As Google's position becomes increasingly strengthend (with all the market share it can capture in search already realized ~ and it slightly decreasing anyway due to it's slightly tarnished brand), it doesn't need to maintain this illusion of values over profits anymore.




The "values over profits" approach was always more of a recruitment tool than a PR tool. It did give a nice PR boost, but realistically Google's been the best choice of search engine since it came out in 1998. They don't need additional customer goodwill for people to keep using them, they just need to continue to give good results for esoteric queries.

Since 2005, though, good engineers have had lots of options for where to work, many of which pay better or have more growth potential than Google. And "Don't Be Evil" was a great way to persuade them to come work for Google rather than Yelp or Facebook or some hedge fund, and keep them there rather than have them go off and found their own startups that potentially could compete with Google. Because so much of their product moat depends upon technical excellence, keeping the best engineers within the company is critical for them.

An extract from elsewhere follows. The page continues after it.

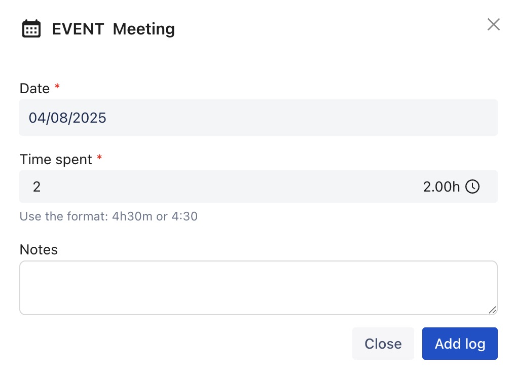 Fill in the event details, including time spent, date, and any relevant notes.

I'll predict that if they don't reverse course on this, we'll see a mini-exodus of Googlers who either end up founding their own startups or start working on political-tech projects. Ultimately I think that may be good for the world, but it's not really in Google's long-term interests, although perhaps at this point their moat is entrenched enough and they're big enough that it doesn't really matter.


> Since 2005, though, good engineers have had lots of options for where to work, many of which pay better or have more growth potential than Google.

Growth probably, but very few actually pays better than Google considering all the perks and work life balance you would get from working for Google. And since the startup boom is almost over, it is even more so like that now...


Almost all wealth in Silicon Valley comes from equity price appreciation. Google stock has appreciated 7x since 2009, but Facebook has appreciated 38x in the same time period, Yelp 13x, Netflix about 35x, Apple about 6-7x.

I think the boom in web & mobile startups is basically over at this point, but there's a new boom in cryptocurrency & AI startups that's just beginning, along with a social movement (multiple social movements, actually) that's just beginning and will likely need communication technology to organize.


This is only really true at startups. At a bigco, your on paper comp can be 250 or 350k annually in cash equivalents. That quickly generates wealth even if you are given only cash.

You're comparing 2 pre-ipo companies to Google and apple.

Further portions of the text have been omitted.